Thursday, May 14, 2009

Six key design insights.

Here are six key insights about designing high performing teams that I’ve learned through my professional practice:

- The basic assumptions underlying the team’s design choices determine the behaviors, activities and relationships of people who end up working there. Traditional assumptions produce traditional performance and traditional problems. You can only generate different behaviors and better outcomes if you think differently and use other models and design processes.

- Design begins with a clear vision about “what you want your teams to be when they grow up.” In a fast changing world, vision determines direction, not destination. The race to the future will belong to the swift and the adaptable, so design choices must embrace agility and flexibility. As Santayana observed, “No specific hope about distant issues is ever likely to be realized. The ground shifts, the will of mankind deviates, and what the father dreamt of, the children neither fulfill or desire.”

- The design of high performing teams isn’t so much a process of invention as an ongoing process of discovery and collaboration. Good design draws the most advantageous use from all available resources and is always conscious and comprehensive. It’s built on knowledge and insights about all relevant internal and external patterns and relationships.

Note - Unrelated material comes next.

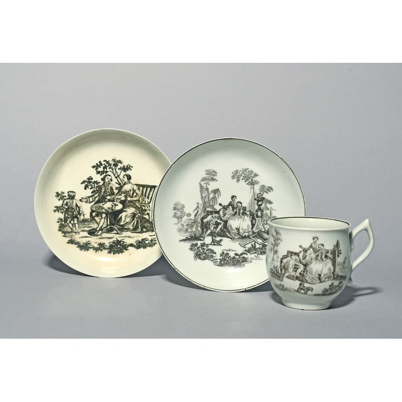 A Worcester cup and saucer, c.1755, printed in black with L'Amour, depicting a couple courting in a garden setting, the saucer signed in the print with RH for Robert Hancock and with an anchor rebus for Richard Holdship, and a Worcester saucer printed in black by John Sadler of Liverpool with the Tea Drinkers, 11.7cm max. (3)

It involves not so much looking for ”the answer,” but selecting the most sensible alternative for a given time and place, with the certain knowledge that when the current contexts change, another answer will probably be more appropriate.

- The process of designing high performing teams involves making choices, allocating roles and responsibilities, specifying task assignments and job content, and defining the relationships between them. Without a disciplined way to do this, managers base their decisions on little more than opinions, past experiences, personal biases, desires for personal power, and untested assumptions. These are a poor replacement for a proven process of open investigation using validated data.

- Searching for a “silver bullet” that will painlessly resolve all existing difficulties is a distraction rather than a step in the right direction. Adopting other people’s solutions won’t work either unless you understand exactly how they’ll help you address and avoid the real causes of your problems.

- Design considerations should always bear in mind that people support what they help create.

Since many aspects of the world we live in today change at lighting speed, successful companies need to be able to change quickly as well. Survival in an uncertain world calls for discarding organizational structure as an end in itself. There’s no right way to organize any more, no final end-point to structure. What matters is the capacity to recognize, adapt to, and sometimes take the lead in inventing continuous change.